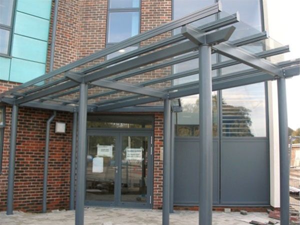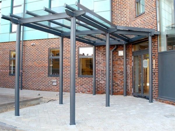 A feature entrance canopy fabricated from mild steel, decorated with our heavy duty exterior grade paint system and with a roof covering of toughened safety glass panels, fixed in a polyester powder coated aluminium glazing bar system. Rear gutters and down pipes completed the design.
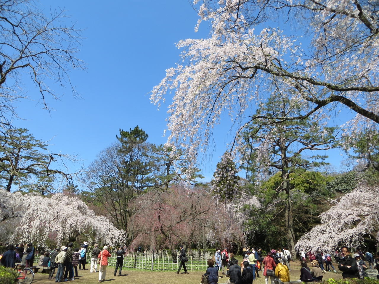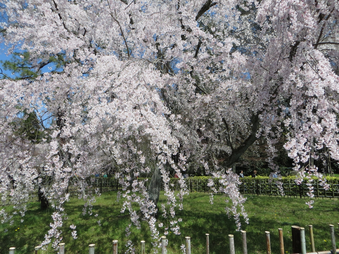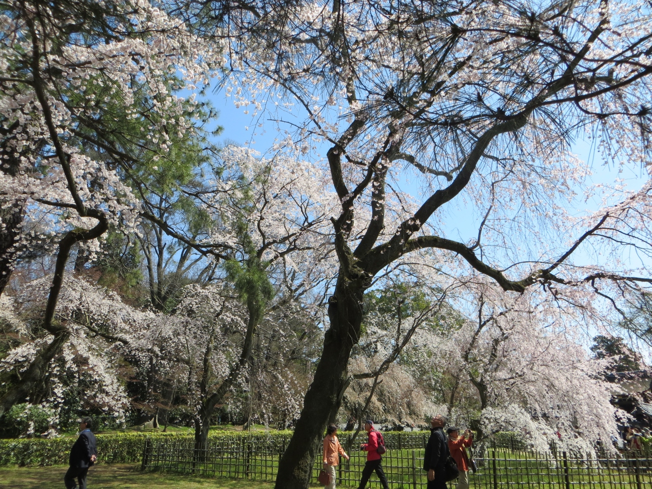 京都府庁、護王神社から京都御苑へ入りました。お目当ては近衞邸跡の枝垂れ桜。桜の名所です。広い御苑の北西・今出川通に近いところにあり少々遠いのでこれまで来たことがありませんでした。訪れてびっくり。枝垂れ桜が見事でした。遠くても訪れる価値アリです。
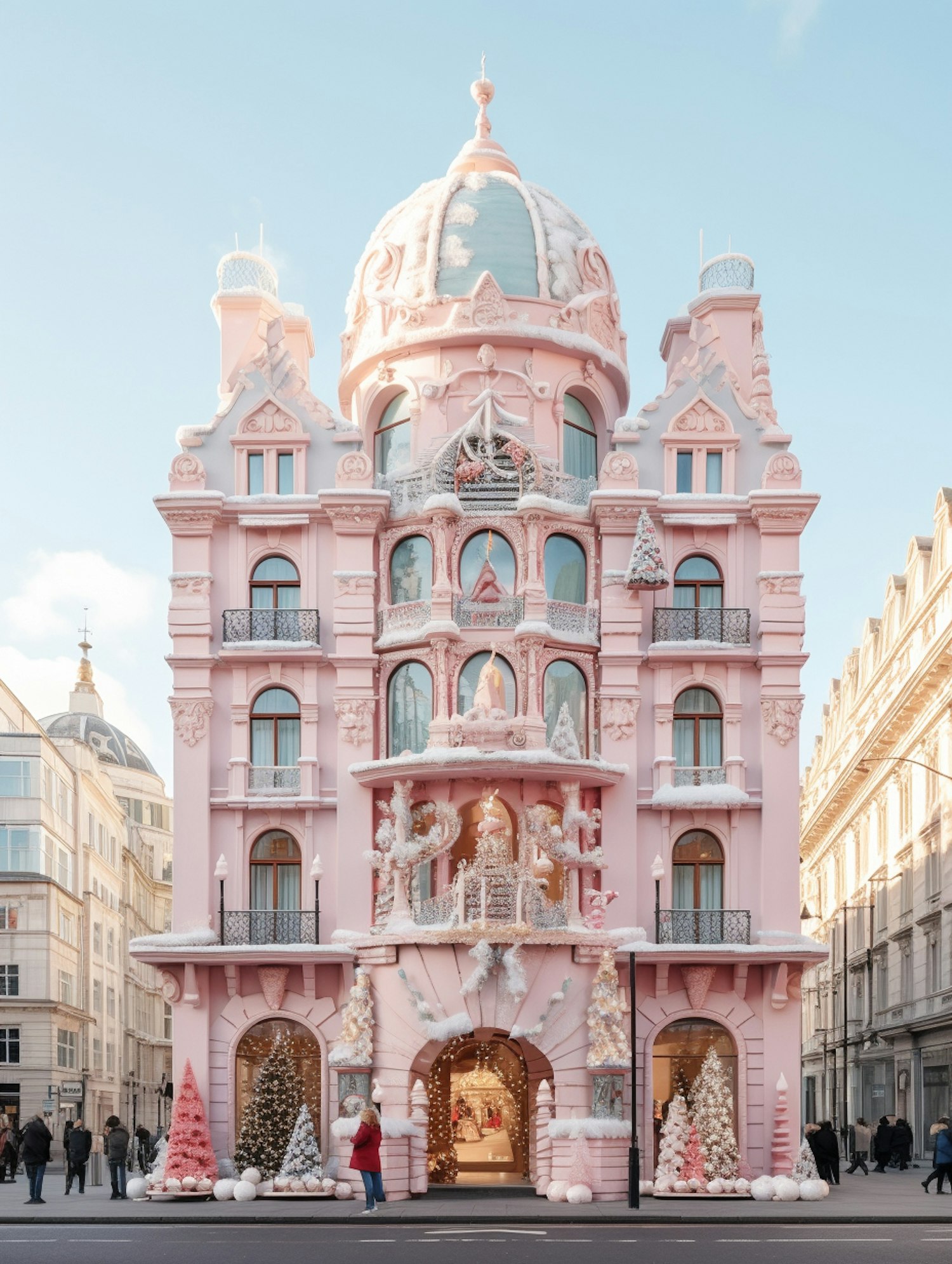 Ornate pink building with festive decorations and snow-like accents, featuring a central dome and Christmas trees in the windows.
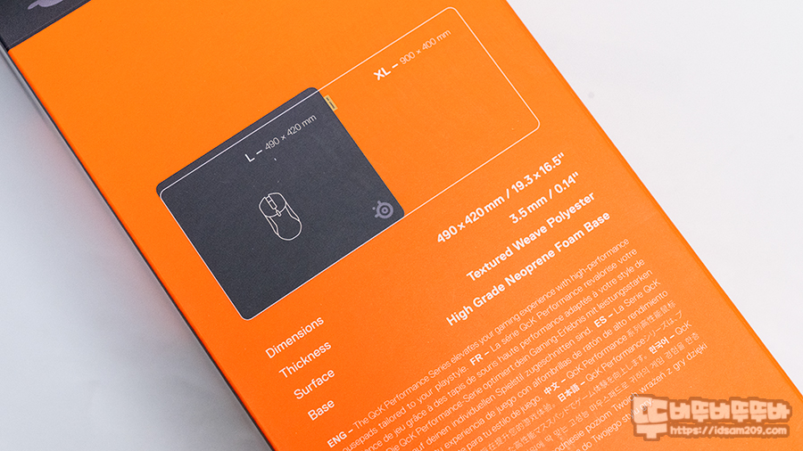 스틸시리즈의 QcK Performance는 논슬립 네오프렌 베이스가 적용되어 그런지 촘촘하지 않고 크게 원형으로 말려있어 큰 사이즈의 사각형 패키지에 담겨 있는데요.
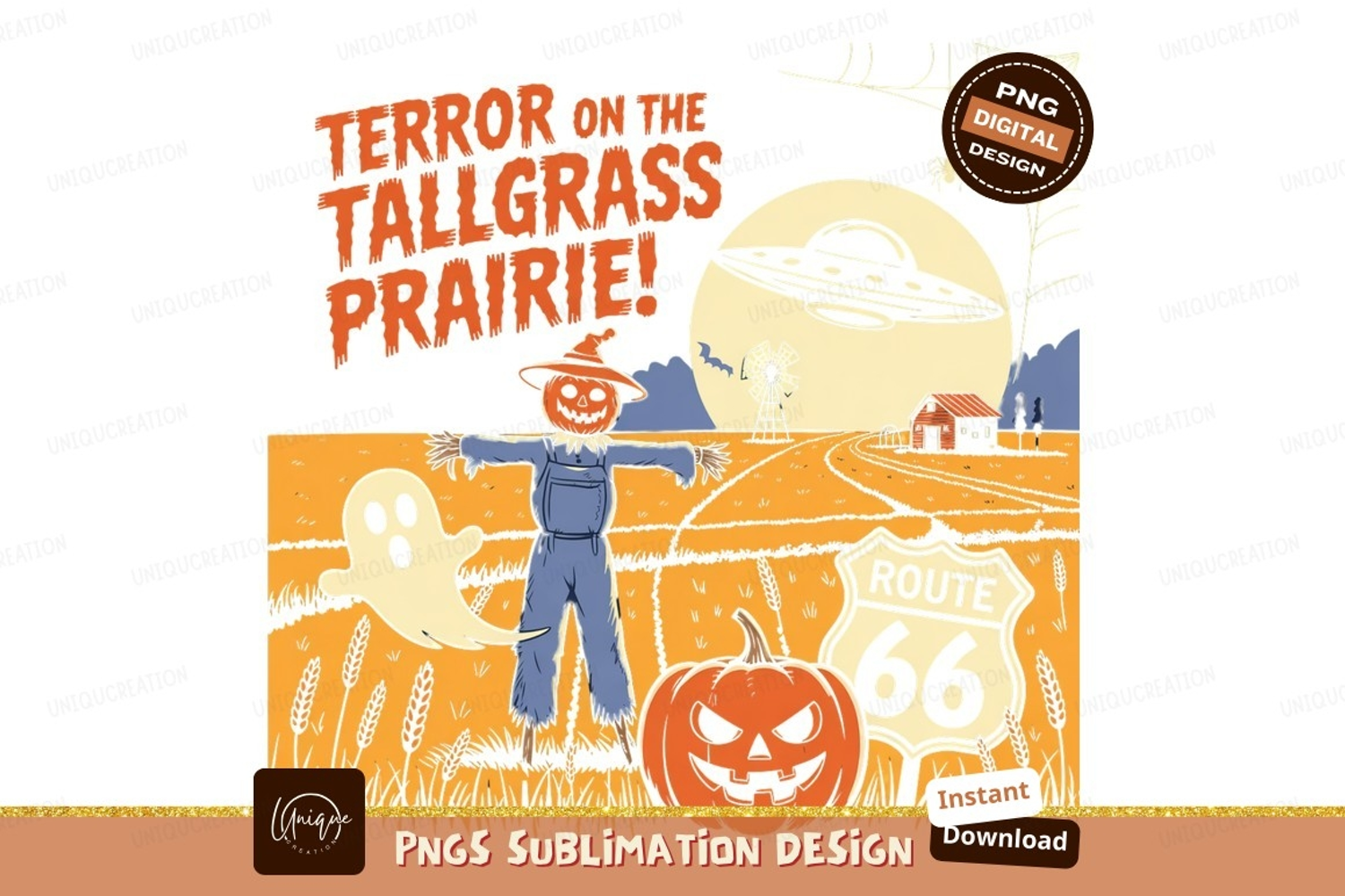 Halloween prairie scene with scarecrow ghost pumpkin U F O example image 1
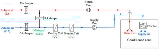 In order to compare the energy performance with LD-IDECOAS, a VAV system with a reheating coil (RHC) was used to prevent overcooling problems in the cooling section of the CC (Figure 7). The economizer on the air side was used in this simulation. The cooling process of the air-conditioning space was mainly carried out by CC. On the cooling coil side, a water-cooled chiller was applied and was operated to maintain the supply air temperature (that is, 15 °C saturated). If the temperature of the processed air was lower than the set point temperature after CC, the RHC starts to operate. In the summer, when the undesired overcooling occurs owing to the operation of the cooling coil, the RHC is operated to raise the temperature of the processed air. When it is extremely hot and humid, not only is the required cooling load increased, but the energy consumption is also increased at the heating side, and the energy consumption of the entire system is increased. The supply air flow of the VAV is basically changed according to the heat load of the room and the minimum ventilation requirement is determined according to the information provided in the ASHRAE standard 62.1-2013 [22].
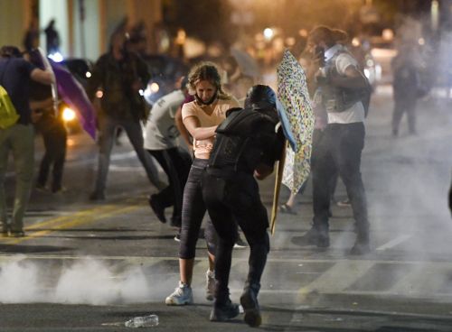 미국 뉴욕주 로체스터에서 3일(현지시간) 인종차별 반대 시위 참가자들이 최루액에 맞서 우산을 들고 있다. 로체스터/AP연합뉴스 |
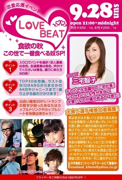 9·î28Æü¤Ï¡ùĶÏÃÂê¤Î¥¤¥Ù¥ó¥ÈLOVE BEAT¡Ê¥é¥Ö¥Ó¡¼¥È¡Ë¤¬½Â륥ã¥á¥í¥Ã¥È¤Ç³«ºÅ¤Ç¤¹¡ª ¤¼¤Ò¤ª±Û¤·¤¯¤À¤µ¤¤¡ù Ëè²ó»²²Ã¼Ô1000¿Í¤òͤ¨¡¢¹ë²Ú¥²¥¹¥È¤ä¥µ¥×¥é¥¤¥º¤â¤¢¤ê¤ªÁû¤¬¤»¤Ê¤³¤Î¥¤¥Ù¥ó¥È ¡ª º£²ó¤ÏÂç¿©¤¤Áª¼ê¸¢³«ºÅ¡ª Í¥¾¡¼Ô¡¢¤â¤·¤¯¤Ï2°Ì¤Ë¤Ï¹ë²Ú¾Þ¶â¡ª¥Æ¥ì¥Ó¤Ç³èÌöÃæ¤Î»°ÂðÃÒ»Ò¤¬GUEST¤ÇÅо졪¡ª ¤Ê¤ó¤ÈÅöÆü¤Ï¡ª½Â륥ã¥á¥í¥Ã¥È¤ÎÆþ¤ê¸ý¤Ç ¡ÖDJ¡¡MIYA¤Î¥²¥¹¥È¤Ç¥é¥ÖÃíÆþ¡ª¡× ¤È¸À¤Ã¤Æ¤¤¤¿¤À¤±¤ë¤À¤±¤Ç ¡ÚÆÃÊ̥ǥ£¥¹¥«¥¦¥ó¥È ²Á³Ê¡ÛÃËÀ2000/1D¡¢½÷À1500/1D¤Ç¤´¾·ÂÔ¤·¤Þ¤¹! ¡Ê²¿Ì¾ÍÍ¤Ç¤â¤´ÍøÍѲÄǽ¡ù
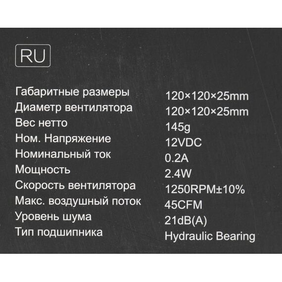 | Потребляемая мощность вентилятора | 2.4 Вт |
_ _ _ _ _
Every record above must be given again exactly; drop the pictures.

* [Task result]
 A feature entrance canopy fabricated from mild steel, decorated with our heavy duty exterior grade paint system and with a roof covering of toughened safety glass panels, fixed in a polyester powder coated aluminium glazing bar system. Rear gutters and down pipes completed the design.
 京都府庁、護王神社から京都御苑へ入りました。お目当ては近衞邸跡の枝垂れ桜。桜の名所です。広い御苑の北西・今出川通に近いところにあり少々遠いのでこれまで来たことがありませんでした。訪れてびっくり。枝垂れ桜が見事でした。遠くても訪れる価値アリです。
 Ornate pink building with festive decorations and snow-like accents, featuring a central dome and Christmas trees in the windows.
 스틸시리즈의 QcK Performance는 논슬립 네오프렌 베이스가 적용되어 그런지 촘촘하지 않고 크게 원형으로 말려있어 큰 사이즈의 사각형 패키지에 담겨 있는데요.
 Halloween prairie scene with scarecrow ghost pumpkin U F O example image 1
 In order to compare the energy performance with LD-IDECOAS, a VAV system with a reheating coil (RHC) was used to prevent overcooling problems in the cooling section of the CC (Figure 7). The economizer on the air side was used in this simulation. The cooling process of the air-conditioning space was mainly carried out by CC. On the cooling coil side, a water-cooled chiller was applied and was operated to maintain the supply air temperature (that is, 15 °C saturated). If the temperature of the processed air was lower than the set point temperature after CC, the RHC starts to operate. In the summer, when the undesired overcooling occurs owing to the operation of the cooling coil, the RHC is operated to raise the temperature of the processed air. When it is extremely hot and humid, not only is the required cooling load increased, but the energy consumption is also increased at the heating side, and the energy consumption of the entire system is increased. The supply air flow of the VAV is basically changed according to the heat load of the room and the minimum ventilation requirement is determined according to the information provided in the ASHRAE standard 62.1-2013 [22].
 미국 뉴욕주 로체스터에서 3일(현지시간) 인종차별 반대 시위 참가자들이 최루액에 맞서 우산을 들고 있다. 로체스터/AP연합뉴스 |
 9·î28Æü¤Ï¡ùĶÏÃÂê¤Î¥¤¥Ù¥ó¥ÈLOVE BEAT¡Ê¥é¥Ö¥Ó¡¼¥È¡Ë¤¬½Â륥ã¥á¥í¥Ã¥È¤Ç³«ºÅ¤Ç¤¹¡ª ¤¼¤Ò¤ª±Û¤·¤¯¤À¤µ¤¤¡ù Ëè²ó»²²Ã¼Ô1000¿Í¤òͤ¨¡¢¹ë²Ú¥²¥¹¥È¤ä¥µ¥×¥é¥¤¥º¤â¤¢¤ê¤ªÁû¤¬¤»¤Ê¤³¤Î¥¤¥Ù¥ó¥È ¡ª º£²ó¤ÏÂç¿©¤¤Áª¼ê¸¢³«ºÅ¡ª Í¥¾¡¼Ô¡¢¤â¤·¤¯¤Ï2°Ì¤Ë¤Ï¹ë²Ú¾Þ¶â¡ª¥Æ¥ì¥Ó¤Ç³èÌöÃæ¤Î»°ÂðÃÒ»Ò¤¬GUEST¤ÇÅо졪¡ª ¤Ê¤ó¤ÈÅöÆü¤Ï¡ª½Â륥ã¥á¥í¥Ã¥È¤ÎÆþ¤ê¸ý¤Ç ¡ÖDJ¡¡MIYA¤Î¥²¥¹¥È¤Ç¥é¥ÖÃíÆþ¡ª¡× ¤È¸À¤Ã¤Æ¤¤¤¿¤À¤±¤ë¤À¤±¤Ç ¡ÚÆÃÊ̥ǥ£¥¹¥«¥¦¥ó¥È ²Á³Ê¡ÛÃËÀ2000/1D¡¢½÷À1500/1D¤Ç¤´¾·ÂÔ¤·¤Þ¤¹! ¡Ê²¿Ì¾ÍÍ¤Ç¤â¤´ÍøÍѲÄǽ¡ù
 | Потребляемая мощность вентилятора | 2.4 Вт |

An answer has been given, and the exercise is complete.